In the online December 1st issue of Cell Cycle, Michael P. Lisanti, professor and chair of Stem Cell Biology and Regenerative Medicine at Thomas Jefferson University, and colleagues reported the first evidence that breast cancer cells perform enhanced mitochondrial oxidative phyosphyorylation (OXPHOS) to produce high amounts of energy. This could be extremely advantageous in the development of new cancer protocols because the treatments for breast cancer may change due to the discovery of the specific energy source used in the reproduction of cancer cells.
Over the past 85 years, it has been debated whether the energy cancer cells require to grow comes from mitochondria or whether it comes exclusively from glycolysis (known as the 'Warburg Effect'.) However, the researchers at the Kimmel Cancer Center at Jefferson have shown that glycolysis (a relatively inefficient method of producing energy) takes place in the surrounding stromal cells, rather then in epithelial cancer cells.
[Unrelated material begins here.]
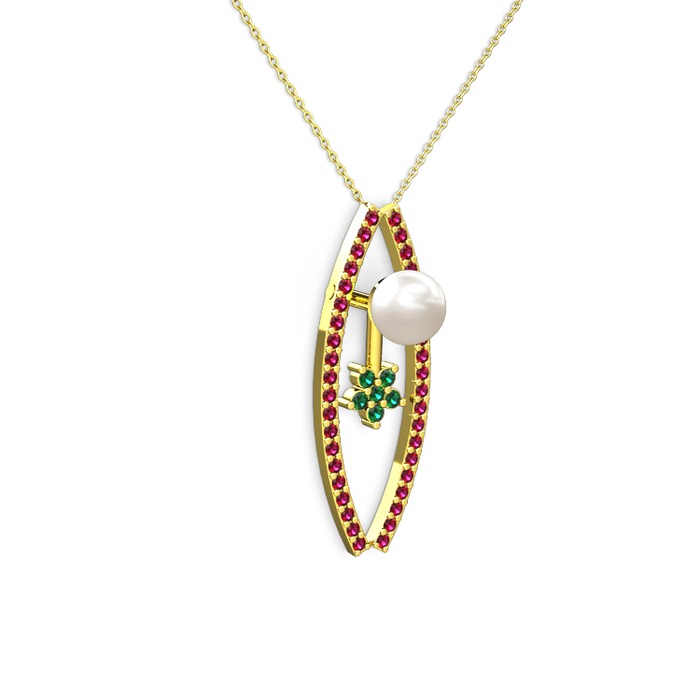 Inci, rodolit garnet ve yeşil kuvars 18 ayar altın kolye (40 cm altın rolo zincir)

The researchers, including co-author and collaborator Federica Sotgia, assistant professor in the Department of Cancer Biology, looked at mitochondrial function using COX activity staining in human breast cancer samples to study mitochondria’s role directly. Researchers found that human breast cancer epithelial cells showed high levels of mitochondrial activity. The stromal tissues showed little or no mitochondrial oxidative capacity. These findings were backed up using a computer-based informatics approach with gene profiles from over 2,000 breast cancer samples.
In a normal cell, mitochondria give the cell the power it needs to function and divide. However, this study demonstrated that in a cancer cell, mitochondria provide five times as much energy, fueling growth and metastasis of the cancer cells.
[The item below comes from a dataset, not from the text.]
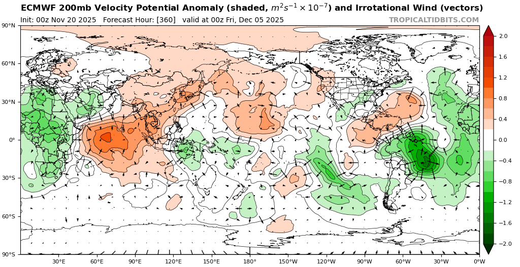 The RMM charts are only providing part of the picture. They are following the convection to the east of the Dateline. But we still have convection lingering near the Maritime Continent into early December. So it’s more of a split forcing pattern rather than a canonical MJO driven pattern.

Dr. Lisanti said to Cell Cycle:
“Metabolically, the drug Metformin prevents cancer cells from using their mitochondria, induces glycolysis and lactate production, and shifts cancer cells toward the conventional ‘Warburg Effect’. This effectively starves the cancer cells to death.”
Mitochondrial activity could now be used to distinguish cancer cells from normal cells, and establish negative margins during cancer surgery.
Mariel is currently a sophomore at Columbia Grammar and Preparatory School in New York City. She loves learning about science and particularly enjoys genetics, cancer research, radiology, and forensics.